▸ Goal of the exercise
From the first line to the last, print the material exactly, skipping the pictures.

▸ Raw data
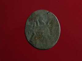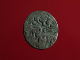 | Description / विवरण | This is a copper coin. Shape is almost circular. Surface is smooth. It is a silver coating coin. The depression on obverse side depicts a man sitting on a horse and holding a spear in his right hand and reverse side a bull in a sitting position and some inscriptions written above. Appearance is metallic bronze. |
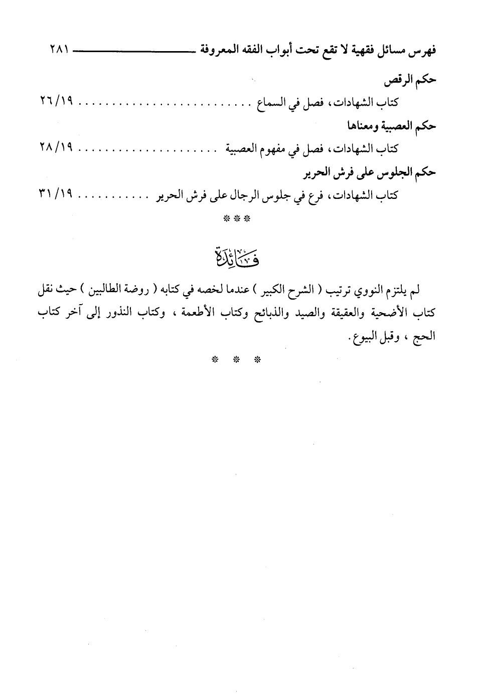 لم يلتزم النووي ترتيب (الشرح الكبير) عندما لخصه في كتابه (روضة الطالبين) حيث نقل
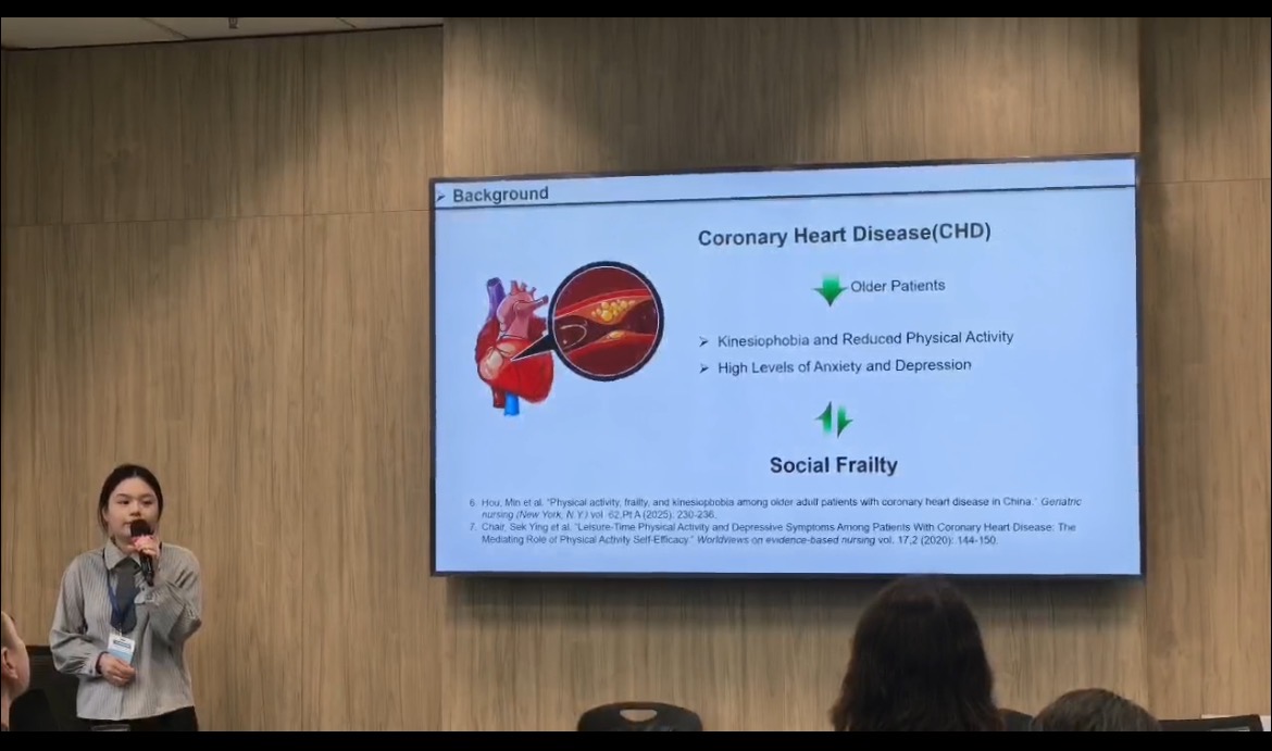 论坛设置“积极健康老龄化”和“青年学者论坛:护理界的崛起之星”两大分会坛,通过主题演讲、专题研讨、口头汇报、海报展示等丰富环节,为全球护理从业者搭建起知识共享、思想碰撞与国际合作的桥梁。在口头汇报环节,我院三名研究生分别围绕心血管健康、心脏术后护理、老龄化及衰弱领域展开深入阐述,汇报内容紧密结合论坛主题,充分展现了广药大护理专业青年学子的科研潜力与学术素养。

▸ Reply to the task
 | Description / विवरण | This is a copper coin. Shape is almost circular. Surface is smooth. It is a silver coating coin. The depression on obverse side depicts a man sitting on a horse and holding a spear in his right hand and reverse side a bull in a sitting position and some inscriptions written above. Appearance is metallic bronze. |
 لم يلتزم النووي ترتيب (الشرح الكبير) عندما لخصه في كتابه (روضة الطالبين) حيث نقل
 论坛设置“积极健康老龄化”和“青年学者论坛:护理界的崛起之星”两大分会坛,通过主题演讲、专题研讨、口头汇报、海报展示等丰富环节,为全球护理从业者搭建起知识共享、思想碰撞与国际合作的桥梁。在口头汇报环节,我院三名研究生分别围绕心血管健康、心脏术后护理、老龄化及衰弱领域展开深入阐述,汇报内容紧密结合论坛主题,充分展现了广药大护理专业青年学子的科研潜力与学术素养。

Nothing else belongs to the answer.